Posted on • Originally published at Medium

Don't tell me how, tell me why!

Is it clear this is about comments? If not, wouldn’t it be better if the title were “Comments: Don’t tell me how, tell me why!”?

This is a problem we see everywhere. There are comments that without any context mean nothing. Others you would need to read the whole code (or article) to figure out the meaning and even then it might be misleading or just outdated.

This should probably apply to most cases, but you really want a clear, clean code that anyone can read and figure out what's happening.

That is unless you really need some less readable, more complex code for any reason (usually because of performance). In this case, then please do comment on what is happening and how. But also do…

Comment the WHY!

Why are you using less readable code?

Why shouldn’t I change the order of something?

Why is this here?

Why was this used instead of XYZ?

Depending on what you’re doing, your level, and that of your colleagues, something commonplace for one would be rocket science to another. This is not what this is about.
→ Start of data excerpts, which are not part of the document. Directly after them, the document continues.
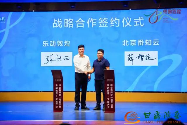 當(dāng)天下午,青島演藝集團(tuán)與甘肅演藝集團(tuán)進(jìn)行戰(zhàn)略簽約,甘肅衛(wèi)視、北京番知科技有限公司與動(dòng)敦煌(敦煌)文化旅游產(chǎn)業(yè)發(fā)展有限公司進(jìn)行戰(zhàn)略簽約,以此加強(qiáng)文旅行業(yè)各領(lǐng)域?qū)勇?lián)動(dòng),共同助推文旅行業(yè)高質(zhì)量發(fā)展。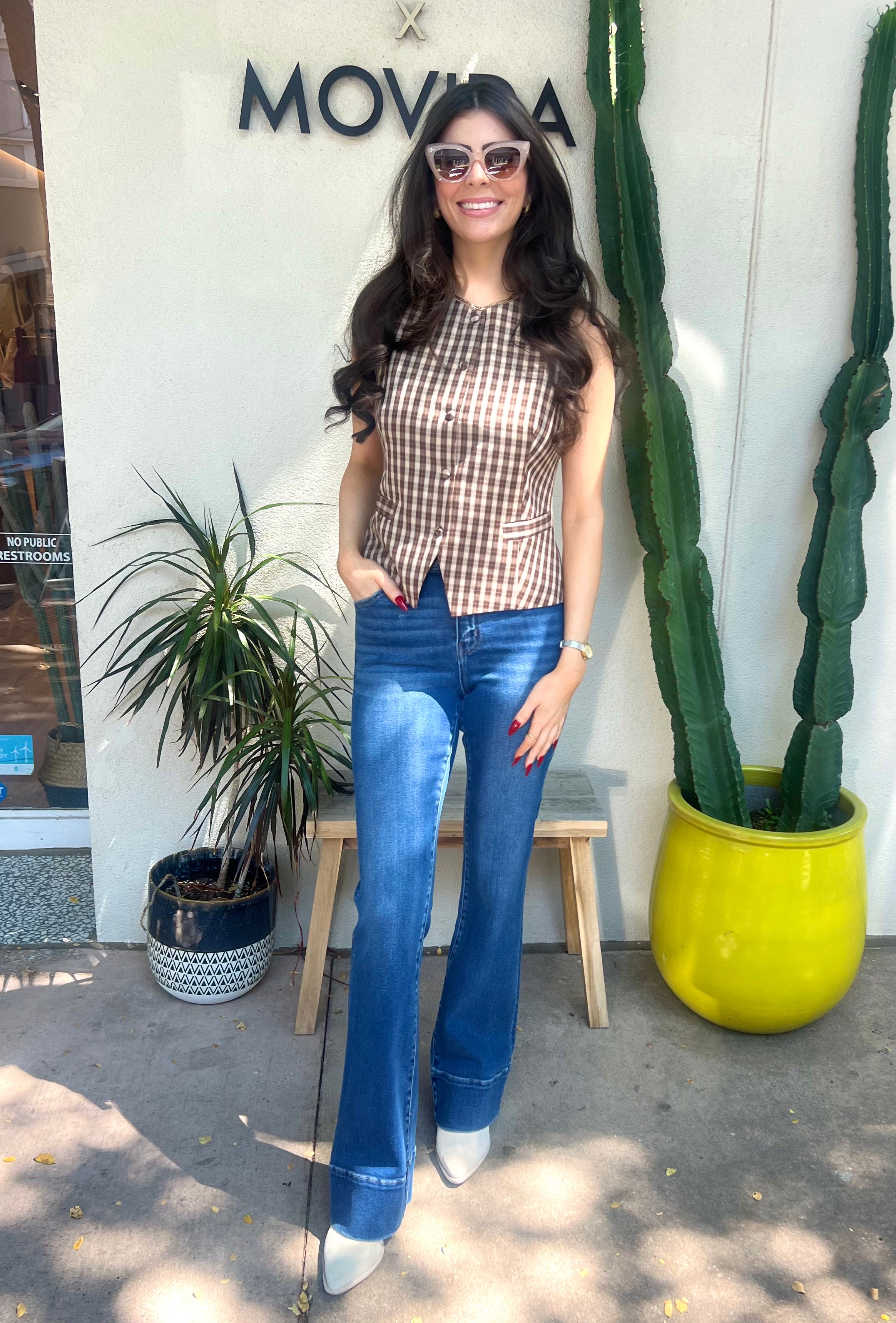 PLAID BUTTON DOWN VEST- KHAKI BROWN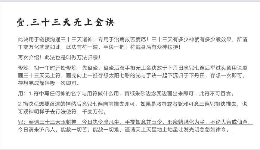 此诀用于链接沟通三十三天诸神,专用于治病救苦度厄!三十三天有多少神就有多少般效果,所谓千变万化就是如此,此法有符一道,手诀一把!符戴身后有众神扶持!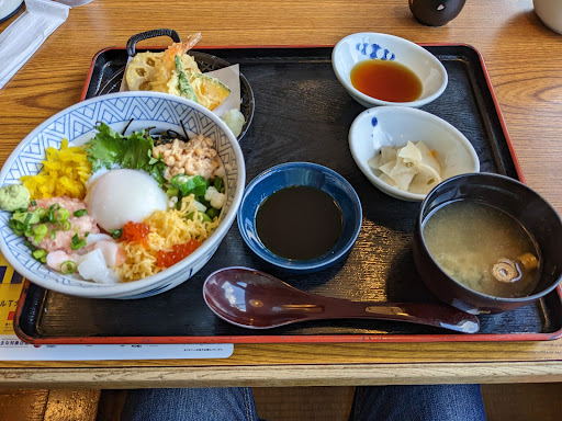 JR成瀬駅から徒歩1~2分の所に有る店舗です。 階段を上がると下足箱が有り、靴を脱いでの入店となります。 何か懐かしい、昔の銭湯の光景が思い浮かびます。 *席はテーブル席と座敷席に分かれています。 ★ランチメニューは平日(月~金)のオープン~17時までと長いのが利用者にはとても便利ですね。 ランチは8種類で699円~1249円(通常1349円)とそう高くはない価格帯です。 *本日はランチに関係無く、『大海老天重膳』(1474円)とセットドリンクバー(241円)を注文しました。大海老天やその他の具材も申し分なく美味しくて満足しました。 店員さんの応対もとても良いようです。 靴を脱ぐというのはちょっと面倒ですが、テーブル席は足元が深くなっていて、足先は自由になるので、ゆったりと寛げるようになっています。床は畳になっており、暖房が効いていて快適です。 *通路の床がツルツルしているので、滑りやすいのがちょっと難点です。 その他は及第点だと思います。 *価格は税抜きです。 *《営業時...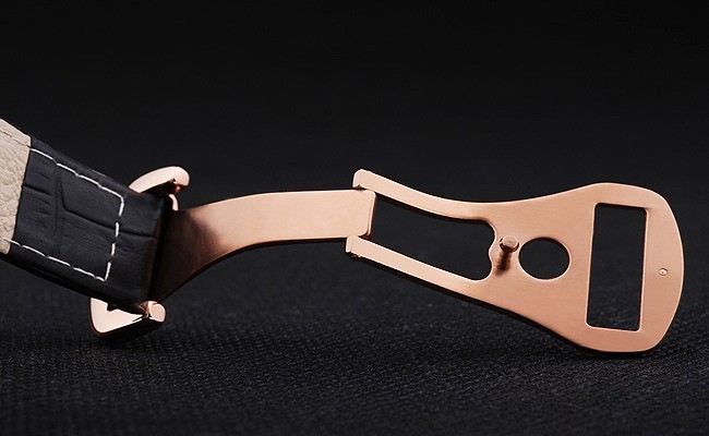 Rannekoru: Musta krokotiili nahkahihna valkoiset tikkaukset & Omega logo kaiverrettu kulta koukku-solki Lukko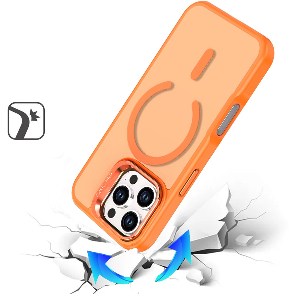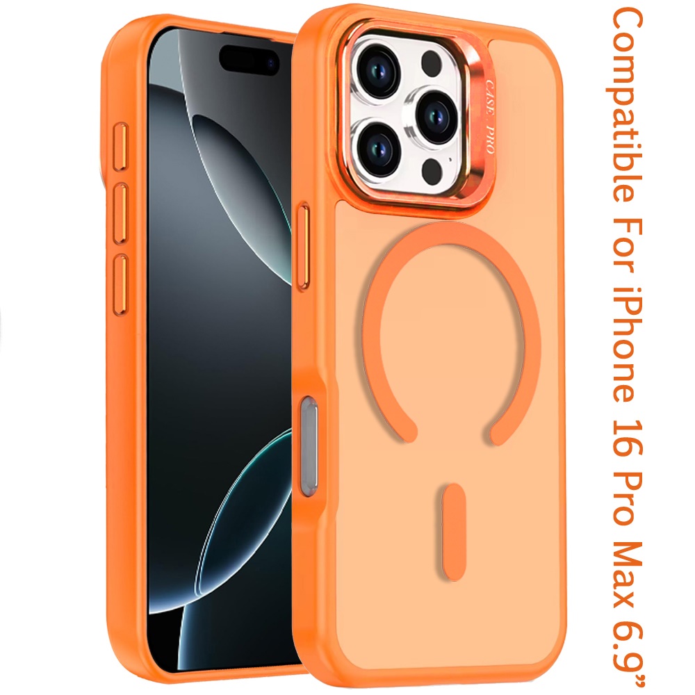 For iPhone 16 Pro Max 6.9 inch Magnetic Matte Camera Metallic Stand Hybrid Case - Cosmic Orange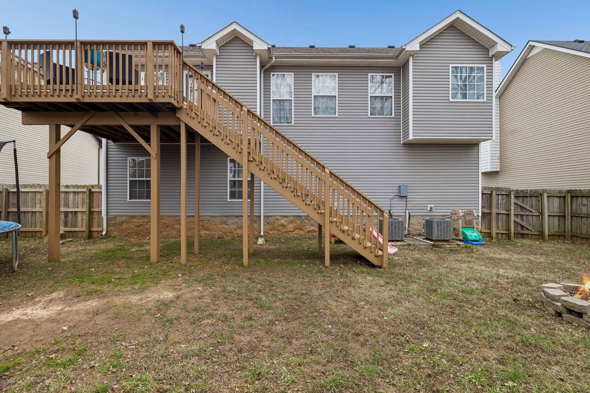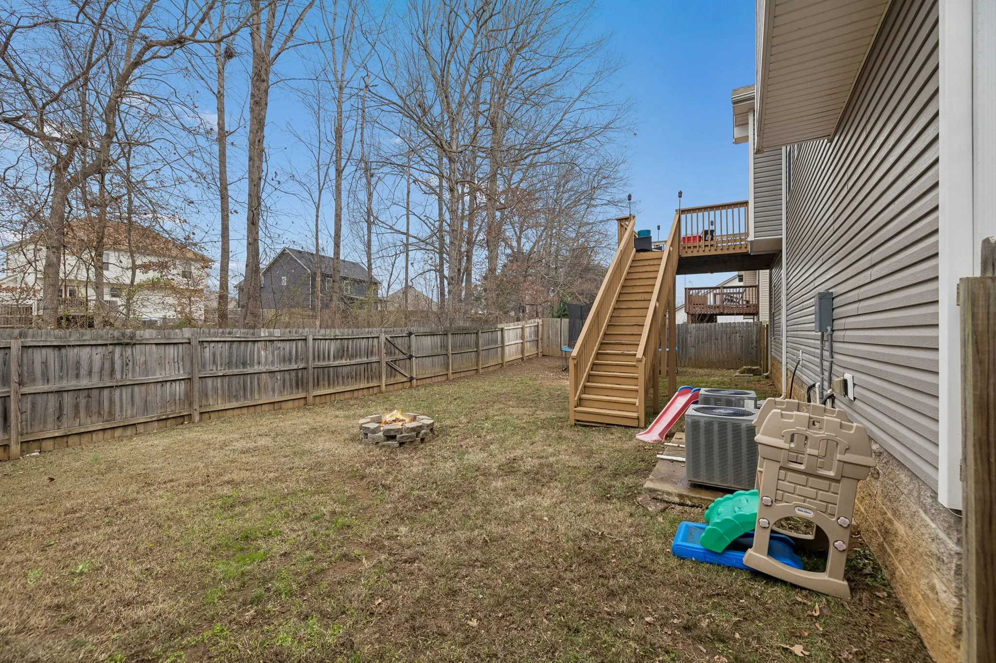 Outside, enjoy an elevated deck overlooking a fully fenced backyard with room for pets, play, and entertaining. The lot extends beyond the current fence line, offering the opportunity to expand the fenced area and create an even larger backyard if desired. A wooded backdrop, fire pit area, and easy access from both the deck and lower level complete the outdoor space.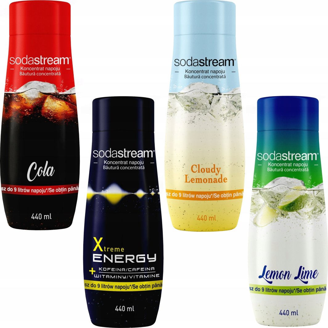 Zestaw 4 koncentratów SodaStream Cola+Energy+Lemonade+Lemon-Lime

If you have to revisit the code the next month, you should know what the code is doing by reading it. The thing is: why is that here?

Some pieces can be self-explaining like transformXtoY but why and where should I do that?

I’m also not saying to put a “why” everywhere, but if you revisit the code and spend time figuring out something, or if even after refactoring it someone is always confused about something… then yes, add a “why”.

Not only that, Pull Requests are a great source to find some of those places that need commenting on the “why”.

On the PR someone asked why you did something?

Don’t just tell them! Not only that, don’t do it outside the PR and call it a day.
Refactor the code, add the comment of why it’s there, and then every time someone revisits that piece of code it will be there the why.